In a cinematic marketplace glutted with endless sequels, reboots, and reinterpretations, Guillermo del Toro’s filmography stands apart. Even when trading in familiar tropes of gothic horror (“Crimson Peak,” “Don’t Be Afraid of the Dark”) or blockbuster action (“Hellboy II: The Golden Army,” “Pacific Rim”), his movies reflect a distinctive appreciation for the places where the mythic and the macabre overlap. And when this sensibility is allowed to fully flower, as in 2006’s unforgettable “Pan’s Labyrinth,” the results are nothing short of stunning.

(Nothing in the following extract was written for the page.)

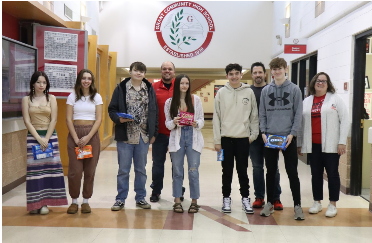
Ganadores de la copa Bulldog de la segunda semana de febrero

Para comenzar con el pie derecho, desafiamos a nuestros estudiantes a otro Desafío de Llegar a Tiempo y la clase de último año estaba decidida a ganar. En las primeras dos semanas de nuestro desafío, los estudiantes de último año se convirtieron en líderes evidentes y mantuvieron su ventaja durante la semana final. Con solo 220 tardanzas, los estudiantes de último año aseguraron su victoria con una fiesta de helados y puntos para la copa Bulldog. Si bien estos estudiantes están ganando un premio a nivel del grado, contamos con premios individuales para otorgar. Todos los estudiantes que no hayan llegado tarde durante el curso del desafío participarán de una rifa para ganar entradas para el baile de invierno. Síguenos en Twitter ( @KeepingItRED ) para conocer las novedades sobre los ganadores del desafío.

“The Shape of Water” captures that same magic. Like its spiritual predecessor, “Shape” is a fairy tale for adults—a movie unafraid to engage both the darkness of the chthonic and the monstrosity of the real world. And like “Labyrinth,” it’s heartfelt, memorable, and satisfying on the deepest of levels.

Set during the height of the Cold War, “Shape” centers on mute janitor Elisa Esposito (Sally Hawkins), who works the graveyard shift at a secret government lab outside Baltimore. When the sadistic Major Strickland (Michael Shannon) returns from an expedition to the Amazon with a “new asset” (Doug Jones) in tow, Elisa promptly befriends the ichthyic humanoid. When experiments on the live asset prove inconclusive and experts recommend vivisection, Elisa springs into action with a daring rescue plan.

On the surface, this narrative isn’t especially groundbreaking; much of the film resembles a mashup of “Beauty and the Beast” and “Free Willy.” The magic of “Shape,” though, is in the journey. Hawkins—bolstered by a strong supporting cast including Richard Jenkins and Octavia Spencer—turns in a bravura lead performance, capturing wordless intensity through a combination of facial expressiveness, rapid-fire sign language, and raw physical energy. Jones, as the similarly voiceless asset, matches her beat for beat as his character evolves from a helpless pawn of circumstance into a terrifying force of nature. (Mercifully, del Toro resists the temptation to rely on CGI motion-capture; this creature is a man in an actual costume.)

What really makes “The Shape of Water” so unforgettable, though, is the ever-present sense that this is a film about something. That’s not to say it’s trite or didactic: indeed, there’s a particularly vapid line of reviews of this film that describe it as simply a parable of tolerance in a fractured America. But this kind of assessment says far more about the neuroses of the critical class than about the movie itself: “Shape” is actually a story about the loss of stories, about the ways in which the beautiful and transcendent elements in life are subsumed within a world of shallow consumerism.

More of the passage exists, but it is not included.